Tuesday, 14 July 2015

The difference between 감사하다 and 고맙다

Likely something that every learner of Korean has wondered at some time or another, today's post is an elucidation of the differences between 감사하다 and 고맙다.

When speaking purely of the way in which the two words are used, the difference can be summarized as follows: 감사하다 is generally used in more formal situation, while 고맙다 has a softer, more familiar sense. This does not imply that 고맙습니다 is rude or informal, to be sure. It simply does not sound quite as formal as 감사합니다.
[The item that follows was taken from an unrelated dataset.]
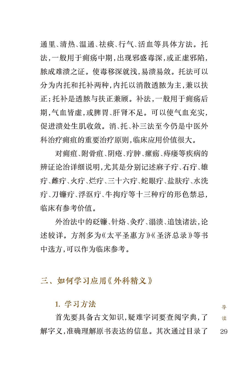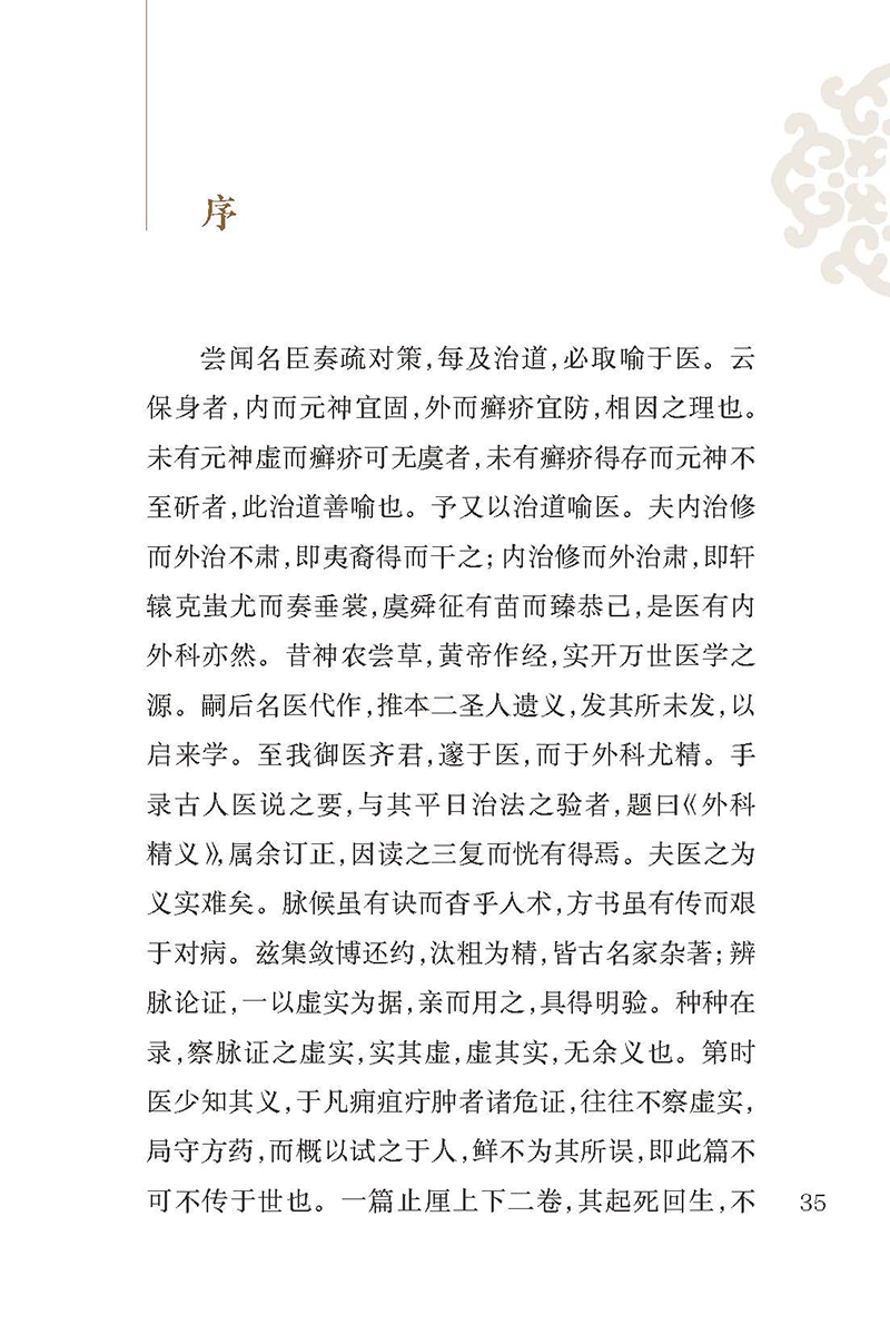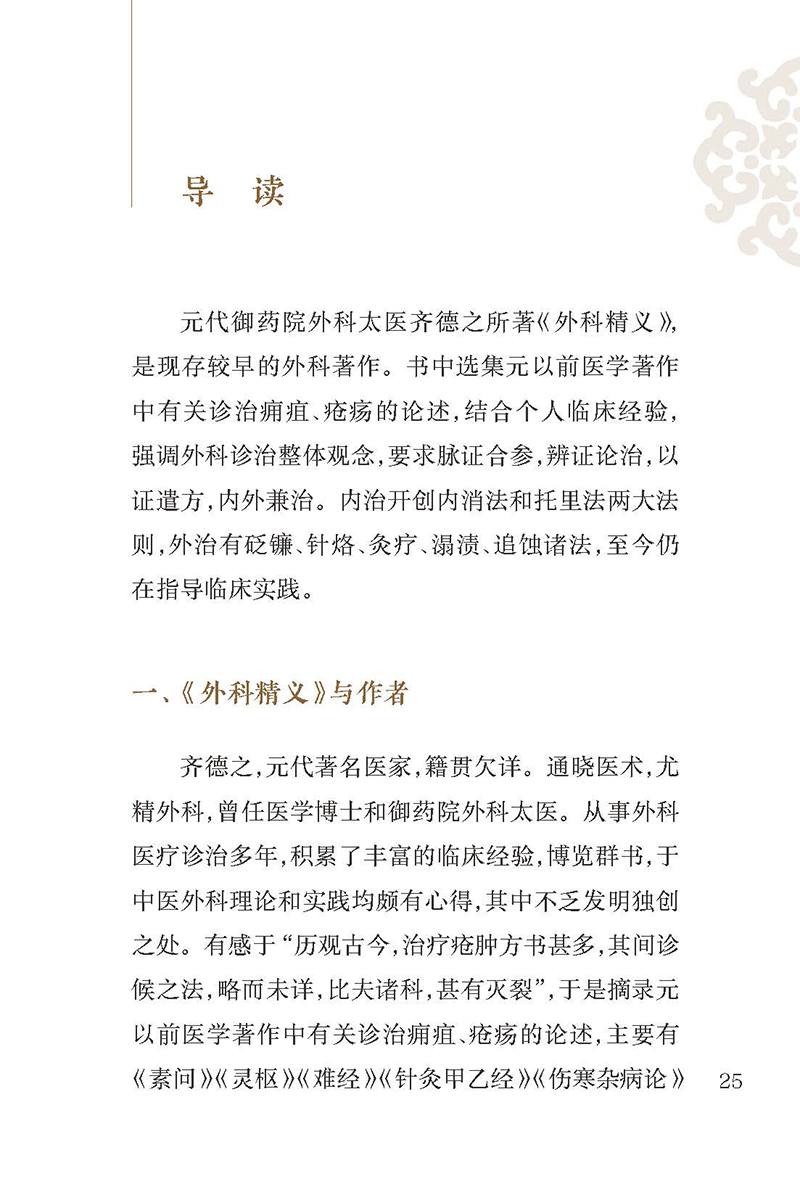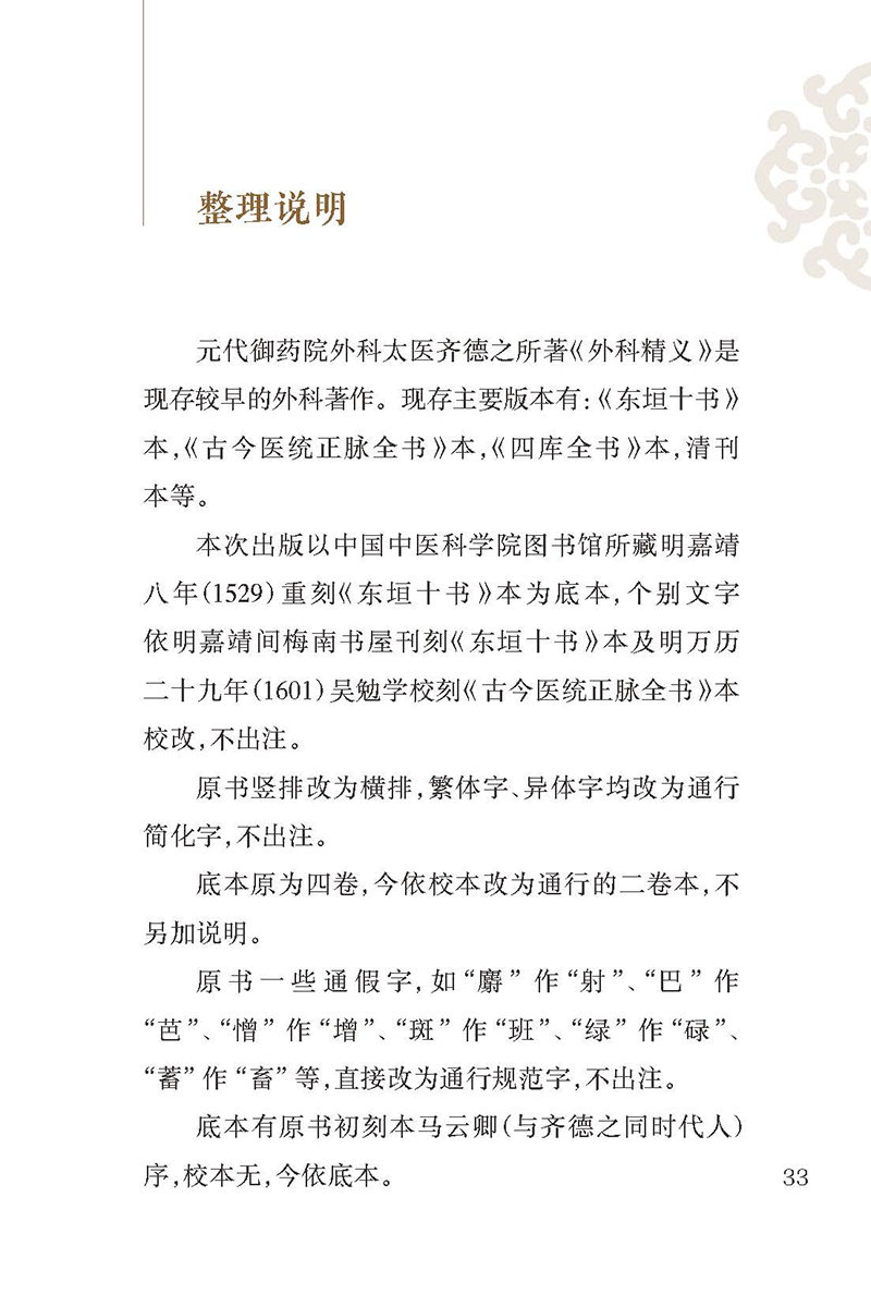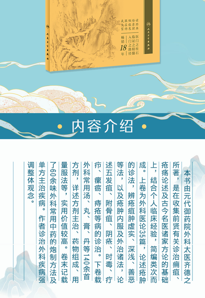 本书由元代御药院外科太医齐德之所著,是在收集前贤有关诊治痈疽、疮疡论述及古今名医诸家方论的基础上,结合个人临床经验,简编类次而成,成书于1335年。2卷。上卷为外科医论35篇,论述疮肿的诊法,辨疮疽肿虚实、深浅、善恶等法,以及疮肿内服及外治诸法,论述五发疽、附骨疽、阴疮、时毒、疔疖、瘰疬、痔疮等病的诊治。下卷载外科常用汤、丸、膏、丹等140余首方剂,详述方剂主治、药物组成、用量服法等,实用价值较高。卷末记载了60余味外科常用中药的炮制方法及单方主治疾病。作者诊治外科疾病强调整体观念,脉证合参,内治开创内消法和托里法两大法则,外治有砭镰、针烙、灸疗、溻渍、追蚀诸法,对后世外科的发展有较大影响,至今仍在指导临床实践。本次整理,精选善本,书前增加导读,书末附有方药索引,方便读者查阅。本书不仅是外科医生的临床必备书,也是临床各科医生的重要参考书。

From an etymological perspective, the two words differ fundamentally in that 감사하다 is based on Hanja (Chinese characters used in Korean) while 고맙다 is a purely Korean word. 감사하다 can be analyzed as 감사(感謝) + 하다, literally meaning "to feel (感) thanks (謝)." This final character 謝 (pronounced "사" in Korean and "xie4" in Chinese) is the same one used in the Chinese expression "xie xie (謝謝)," also meaning "thank you."

고맙다 can be analyzed as 곰 + 압다 (adjectival affix), where 곰 is the Korean word for bear. 곰/ 고마 (cf. Japanese "kuma" 熊) refers to a god or respect in general. The original sense of the word 고맙다 was "to receive god's blessing, to be respected," and the word assumed the meaning of "to be thankful" beginning in the 18th century. In ancient times, bears were seen as divinely powerful animals, as is evident from the legendary story of Dangun founding Korea, according to which Dangun's mother was originally a bear (熊女 lit. "bear woman") who was impregnated by Hwanung, the son of the sky god himself. Bearing all of these previous meanings in mind, the original meaning of "고맙습니다" appears to have been closer to "may a bear bless you" than "thank you."

백문식. 우리말 어원 사전. 1st ed. 서울: 도서출판 박이정, 2014. Print.